= Elisabeth Lloyd =

American philosopher of biology

Elisabeth Anne Lloyd (born September 3, 1956) is an American philosopher of science specialising in the philosophy of biology. She is currently Distinguished Professor of History and Philosophy of Science and Medicine - as well as Adjunct Professor of biology - at Indiana University, Bloomington, affiliated faculty scholar at the Kinsey Institute and Adjunct Faculty at the Center for the Integrative Study of Animal Behavior.

==Education and career==
Lloyd was born in Morristown, New Jersey, and earned her BA in science and political theory from University of Colorado, Boulder in 1980, summa cum laude.
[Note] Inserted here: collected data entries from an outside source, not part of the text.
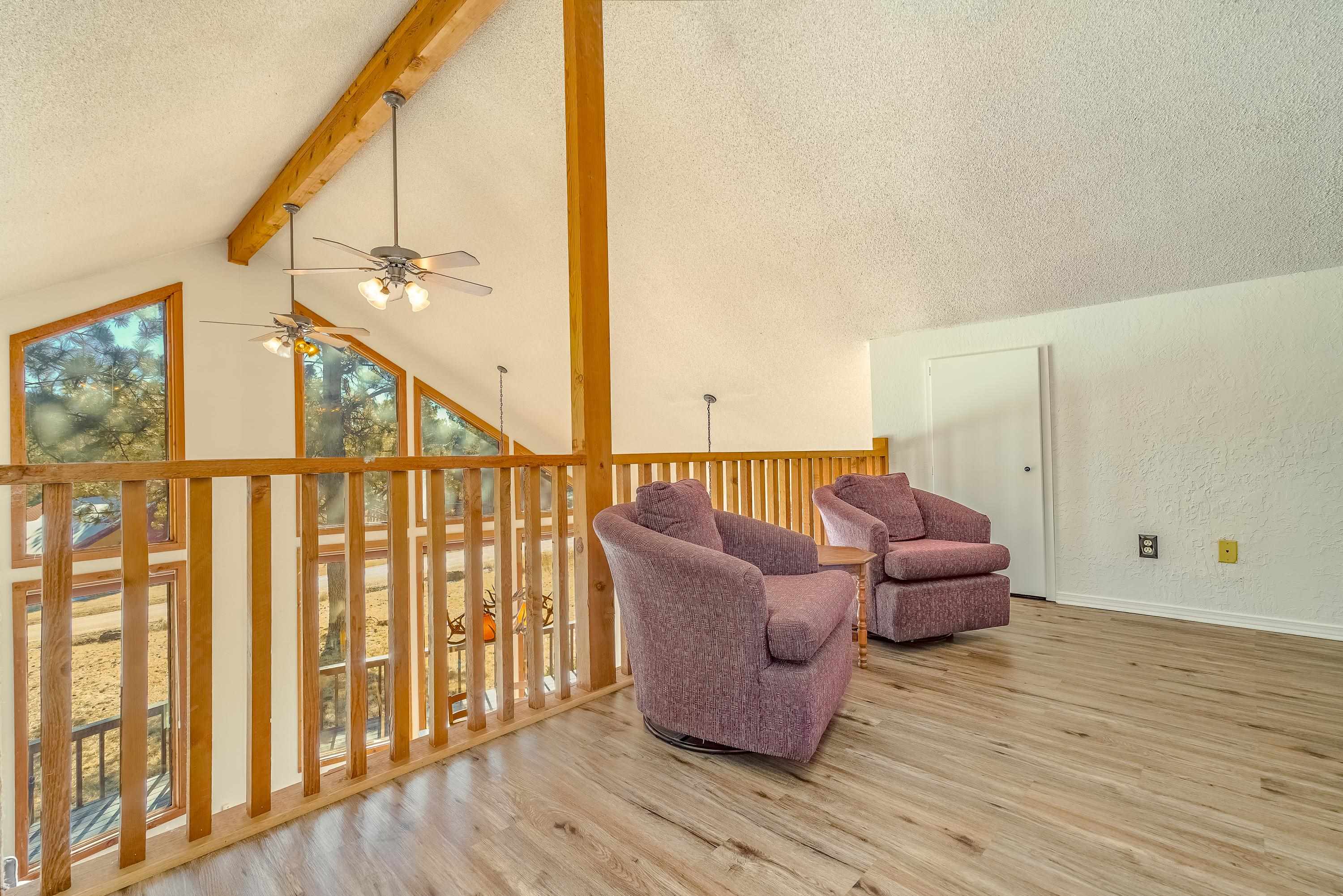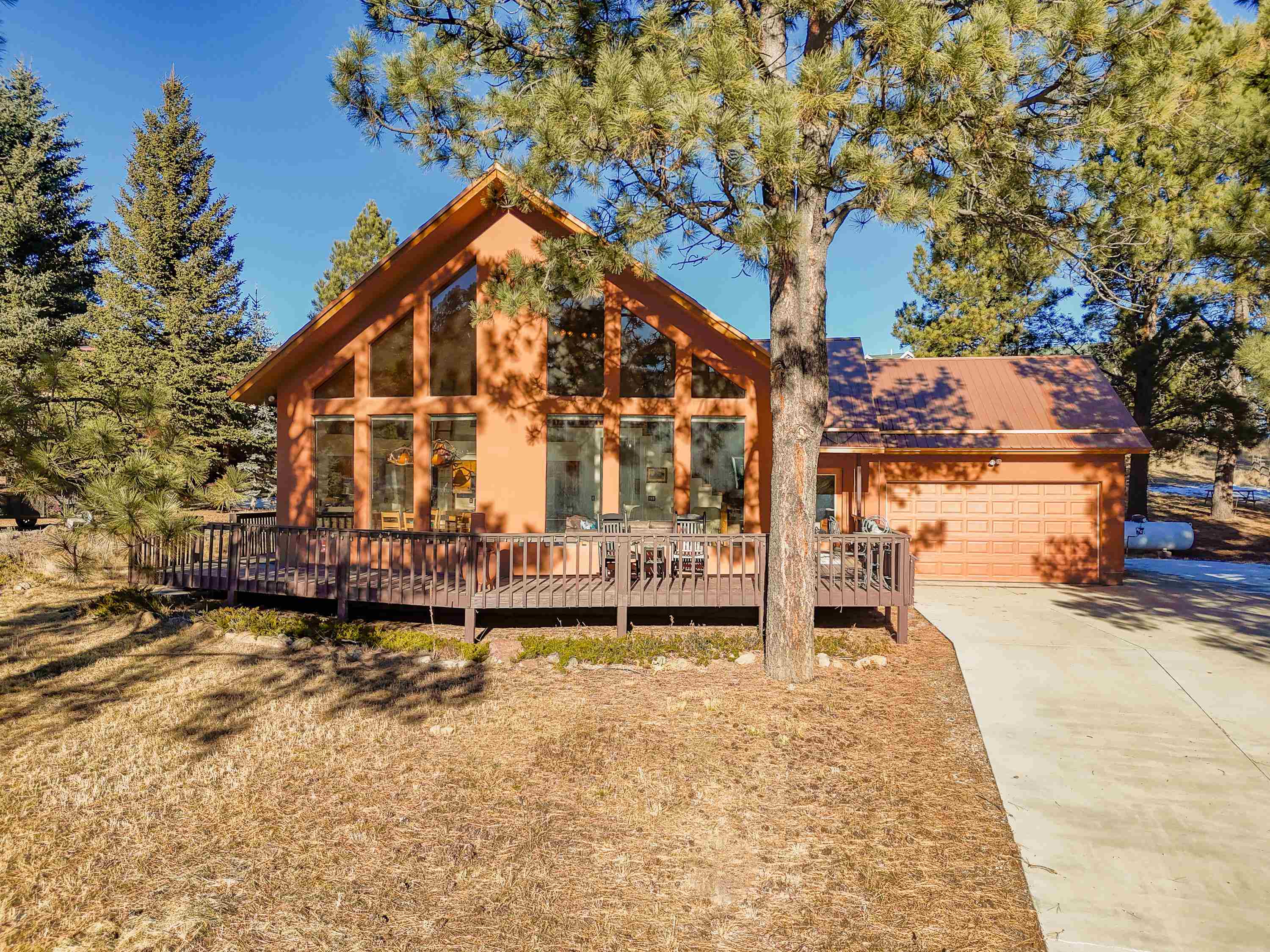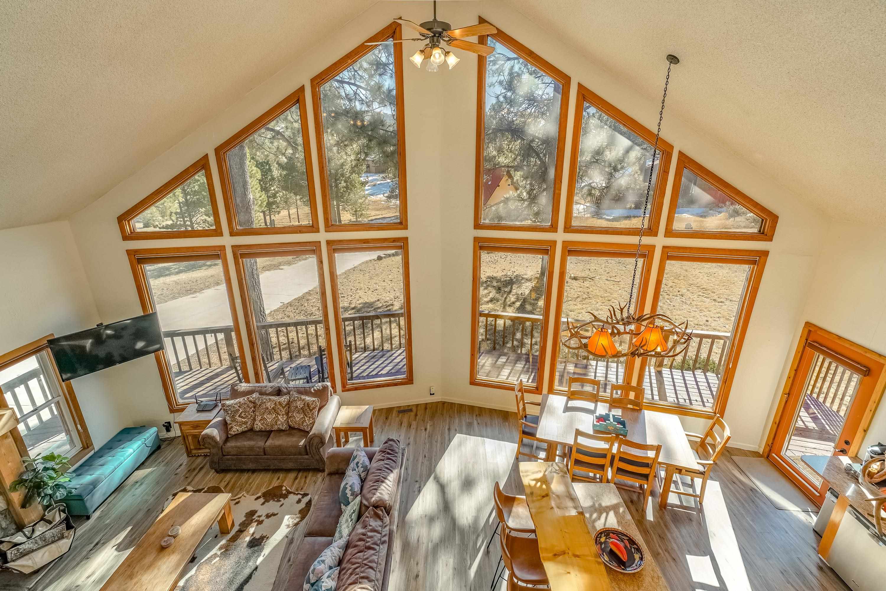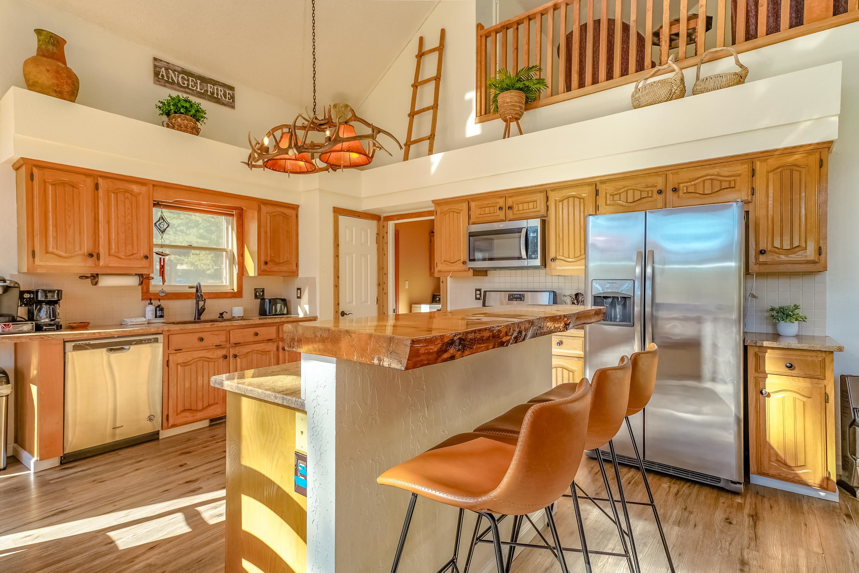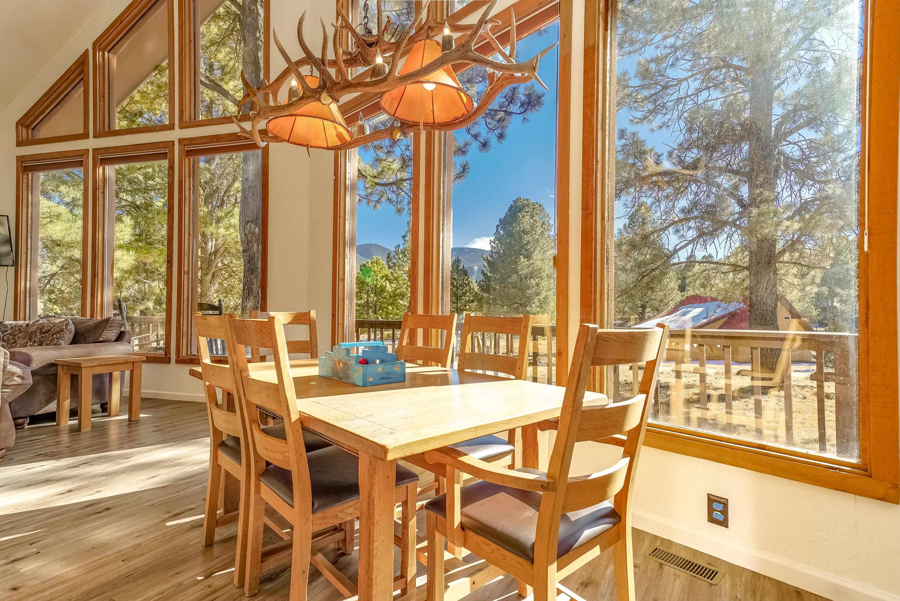 Welcome to 20 Armijo Drive, an Angel Fire chalet in an unbeatable location, just minutes from the grocery store, coffee shop, and local hiking trails. Set on a lovely 0.55-acre lot, this inviting mountain home offers ski area views, a functional layout, and plenty of space for family and friends to spread out comfortably. Step inside to a large mudroom entry, perfect for dropping coats and gear after a day on the slopes. The main living area features vaulted ceilings and oversized windows that bring in beautiful natural light, flowing into an open kitchen and dining space ideal for gatherings. Expansive deck space gives you plenty of space to relax outside - whether you’re chasing sunshine or cooling off in the shade, there’s a spot for every mood. The main-level primary suite makes for easy living, along with an additional guest bedroom, full guest bath, and laundry on the same floor. Upstairs, you’ll find a spacious loft (great for extra sleeping space or a cozy hangout area), plus another bedroom and bath. A private back deck adds the perfect place for quiet morning coffee or winding down after a day of adventure. With an attached 2-car garage, concrete driveway, and easy year-round access, this home is a fantastic fit as a full-time residence, vacation getaway, or potential rental in the heart of Angel Fire.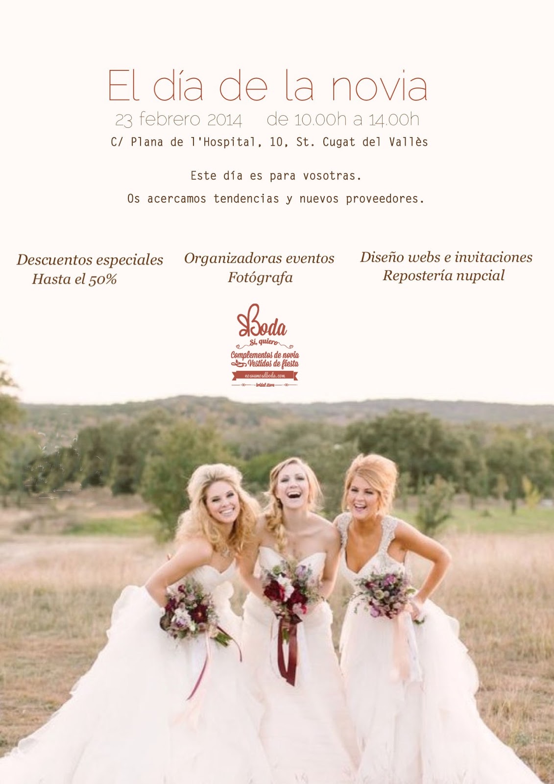 Así que, NOVIAS CATALANAS, apuntad en vuestra agenda el día 23, porqué os esperan un montón de descuentos.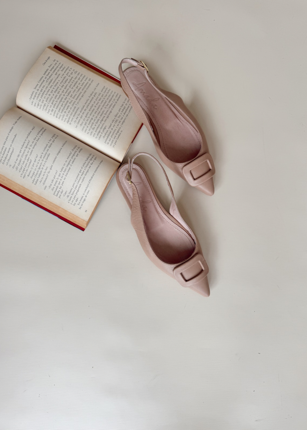 Fabricados en cuero con herraje cuadrado sobre la capellada en el mismo cuero tacón de 1 cm terminación delantera en punta correa de amare en el talón con hebilla que permite graduar.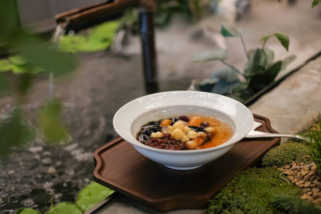 源自廣州,有 9 家分店的靚裝甜品店,裝修絕對 100 分,以簡樸又具禪味中式庭園為主軸,店裹融合了竹林流水、襌意木調及綠油油的植物,室內設計優雅有品味。主攻養生中式甜品、輕食及鴛鴦咖啡。
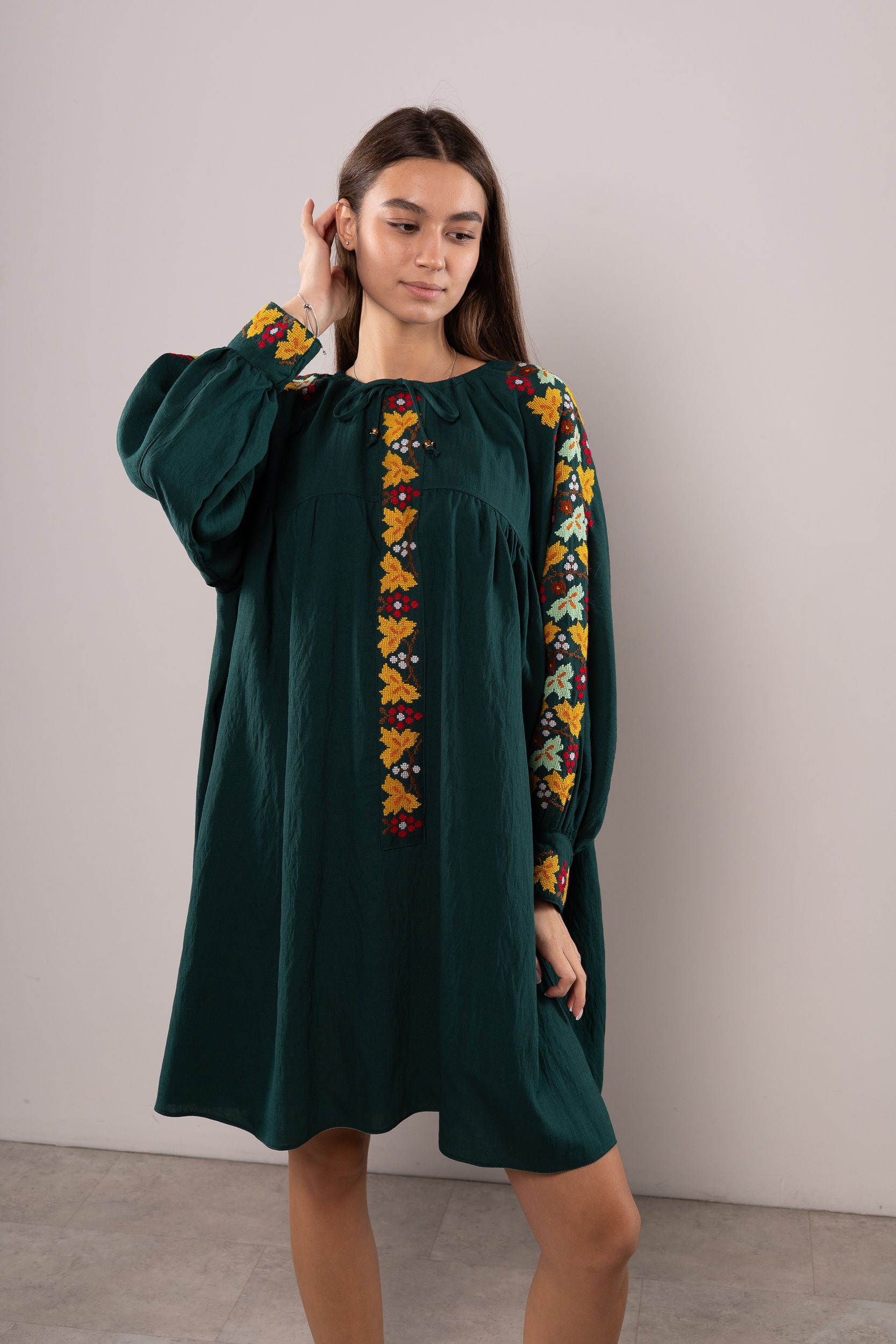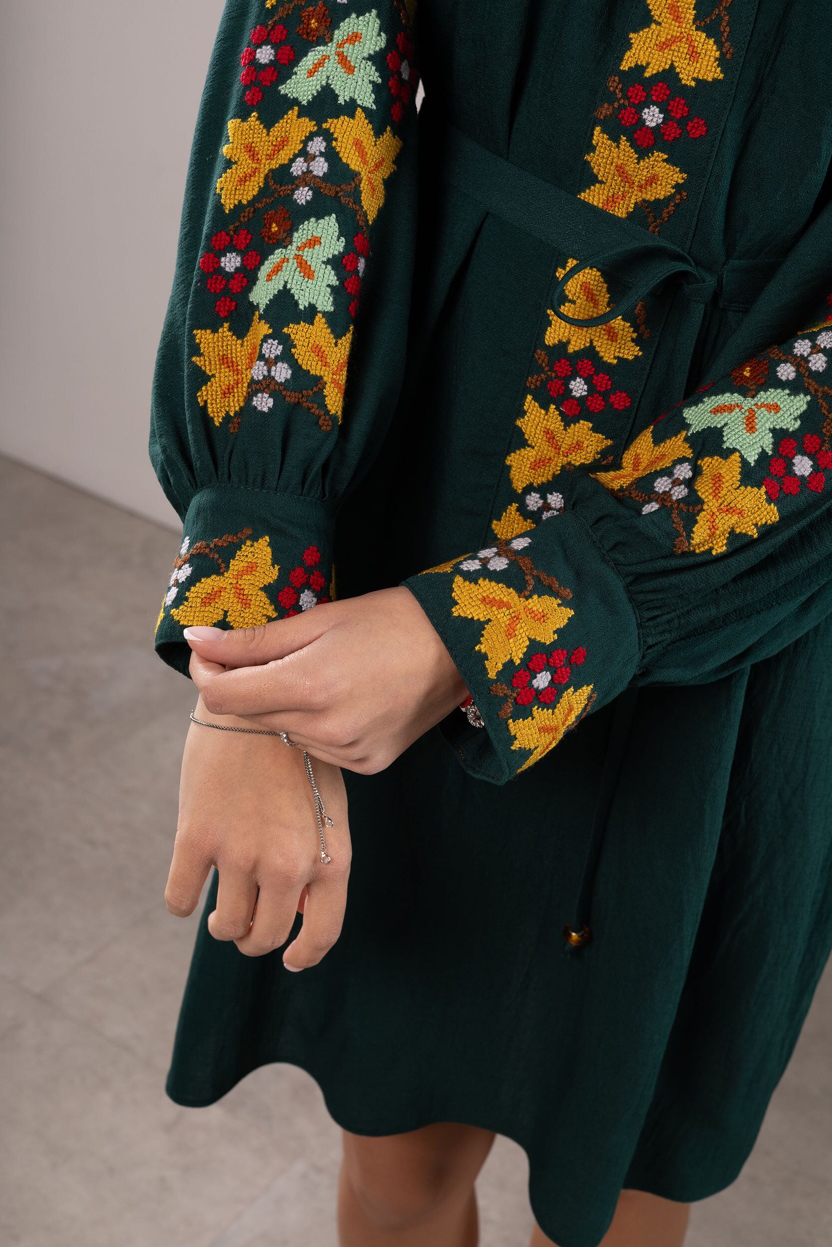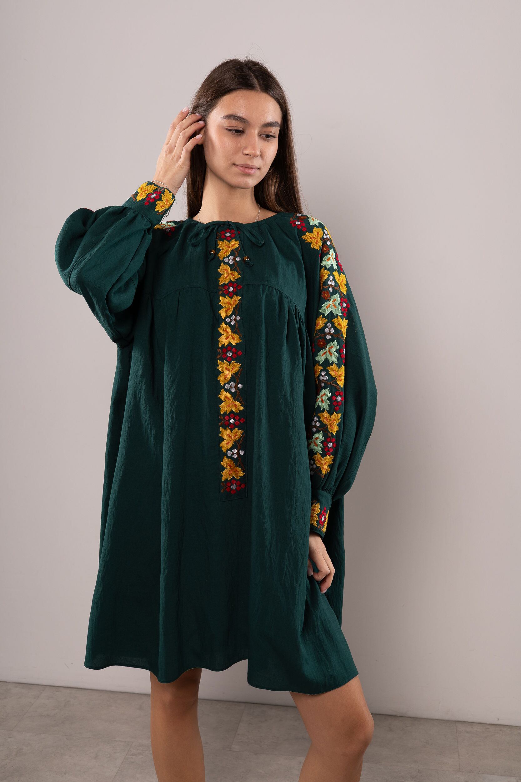 このドレスは、ウクライナの伝統と美しさを象徴するヴィシヴァンカの刺繍を採用しています。過度な派手さを追求せず、日本の日常生活に自然に溶け込むデザインとなっております。しかし、それでいて洗練された高級感とカジュアルな雰囲気を両立させ、見る人を魅了する一着となっています。熟練した刺繍職人が、数ヶ月以上かけ直接手縫いで衣装に縫い付けております。

Lloyd studied under Bas van Fraassen at Princeton University for a PhD in philosophy 1980 – 1984. While a student at Princeton, she spent a year (1983) studying with Richard C. Lewontin at Harvard's Museum of Comparative Zoology.

She worked as an assistant professor in the Department of Philosophy at University of California, San Diego, 1985–88; and then was assistant professor, then associate professor, then full professor in the Department of Philosophy at the University of California, Berkeley from 1988 to 1999, before moving to Indiana University.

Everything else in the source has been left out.